DATASET SECTION:
----

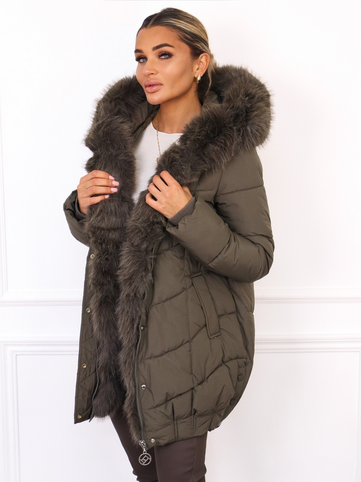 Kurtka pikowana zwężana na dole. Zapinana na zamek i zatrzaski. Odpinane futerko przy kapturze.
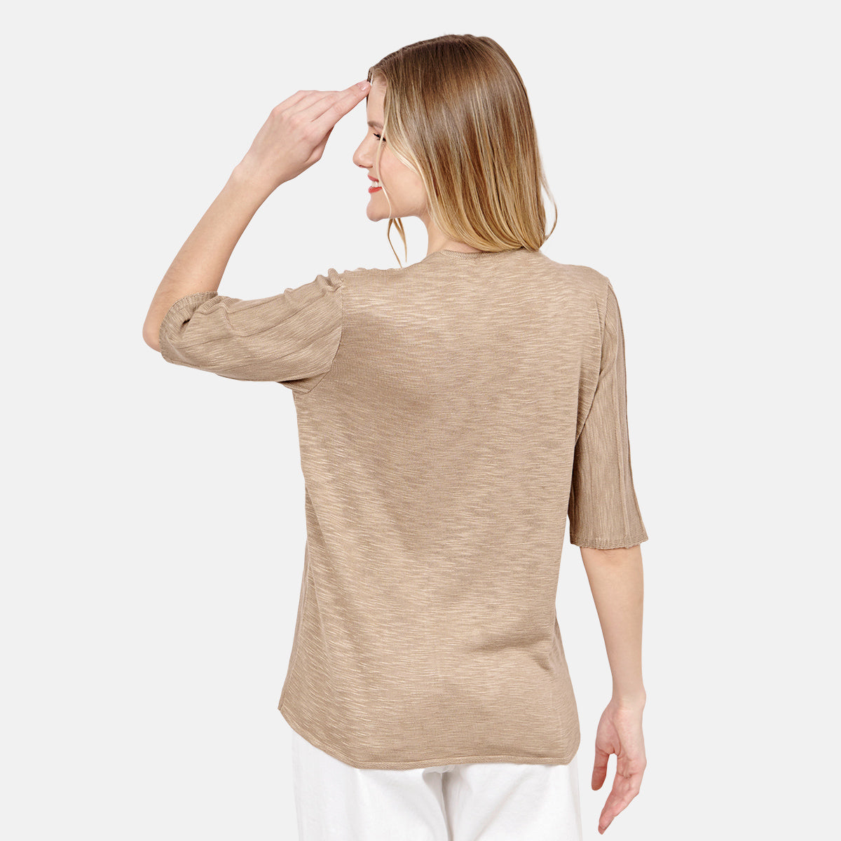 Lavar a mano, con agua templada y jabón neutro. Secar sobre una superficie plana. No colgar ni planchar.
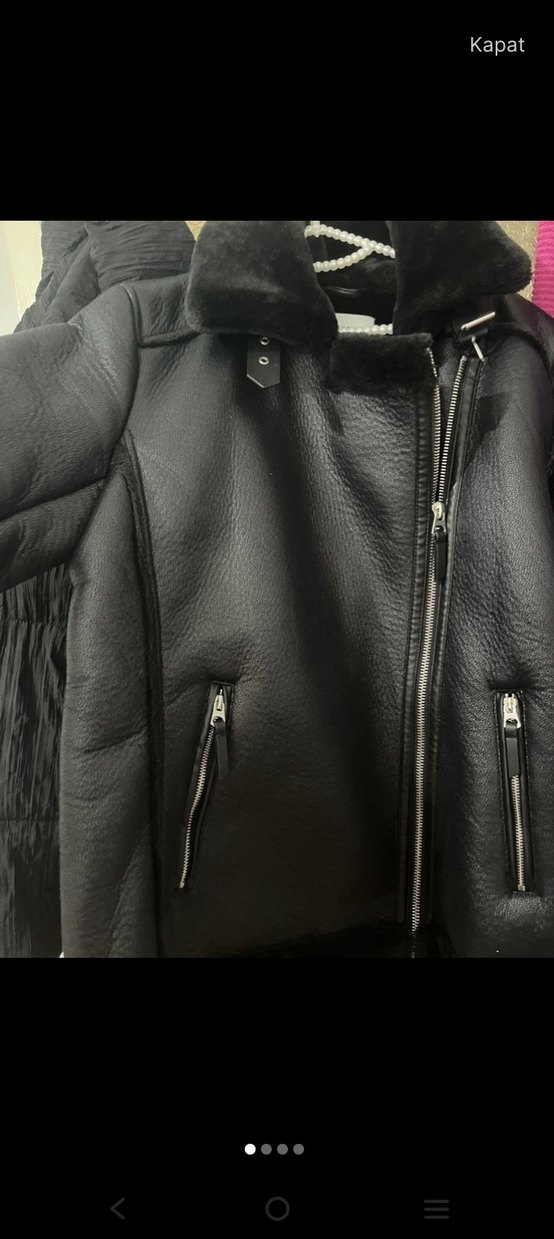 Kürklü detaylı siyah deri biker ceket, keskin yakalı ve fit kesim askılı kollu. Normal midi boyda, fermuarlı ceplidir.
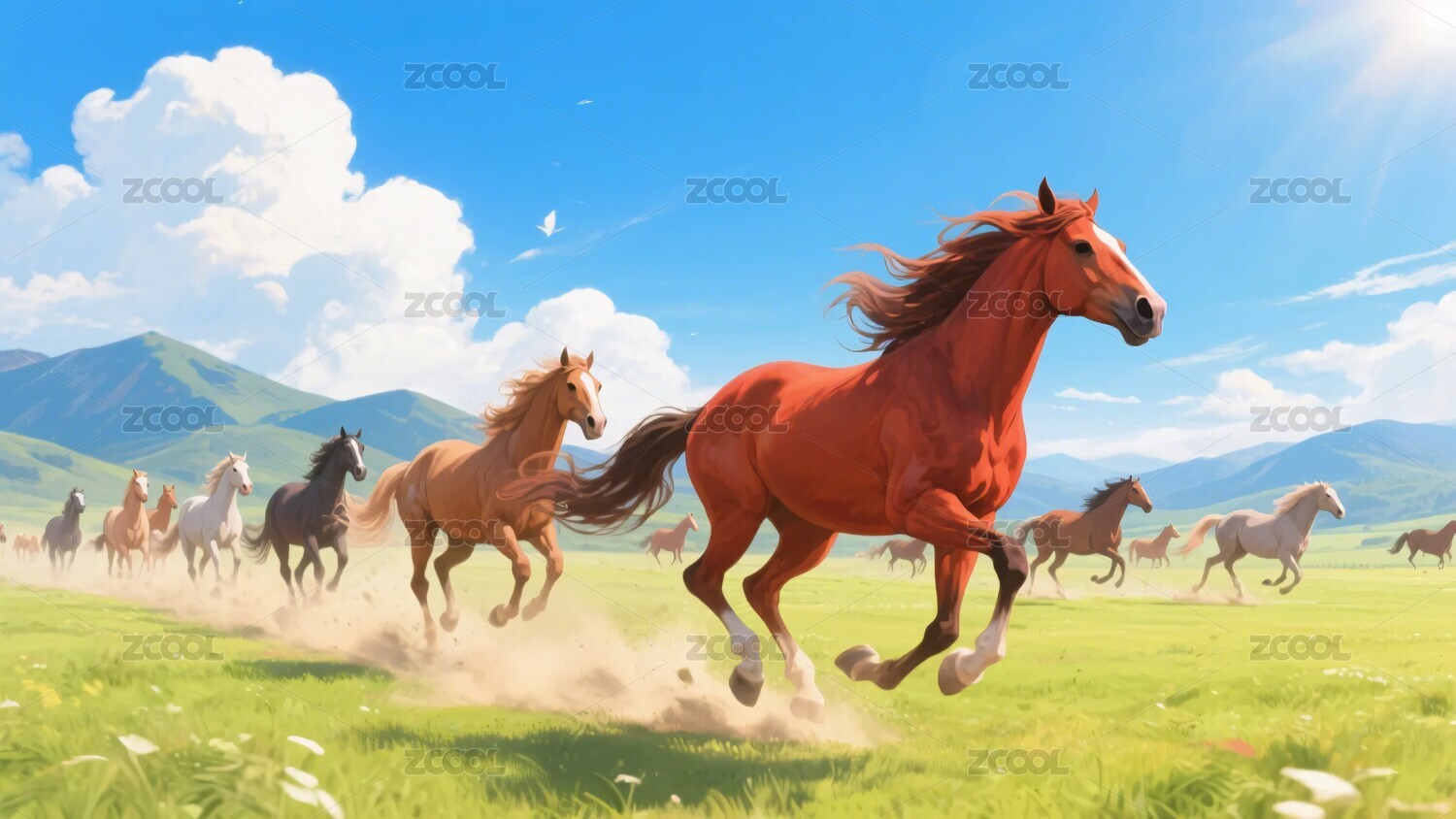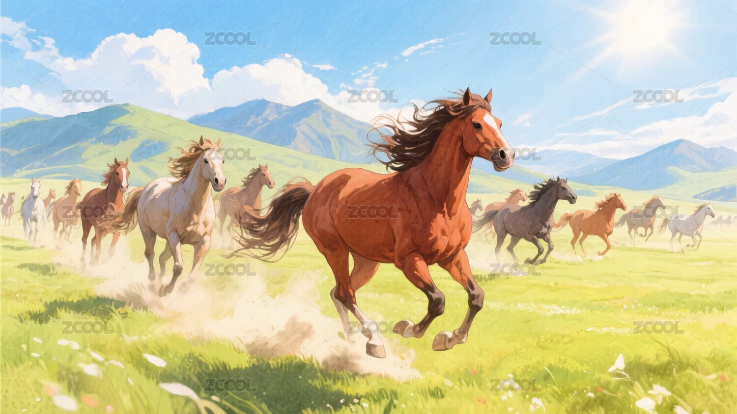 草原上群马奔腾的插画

----

PROBLEM:
Every line above is to be reproduced verbatim, and the pictures are to be omitted.

ANSWER FOR THE TASK:
 Kurtka pikowana zwężana na dole. Zapinana na zamek i zatrzaski. Odpinane futerko przy kapturze.
 Lavar a mano, con agua templada y jabón neutro. Secar sobre una superficie plana. No colgar ni planchar.
 Kürklü detaylı siyah deri biker ceket, keskin yakalı ve fit kesim askılı kollu. Normal midi boyda, fermuarlı ceplidir.
 草原上群马奔腾的插画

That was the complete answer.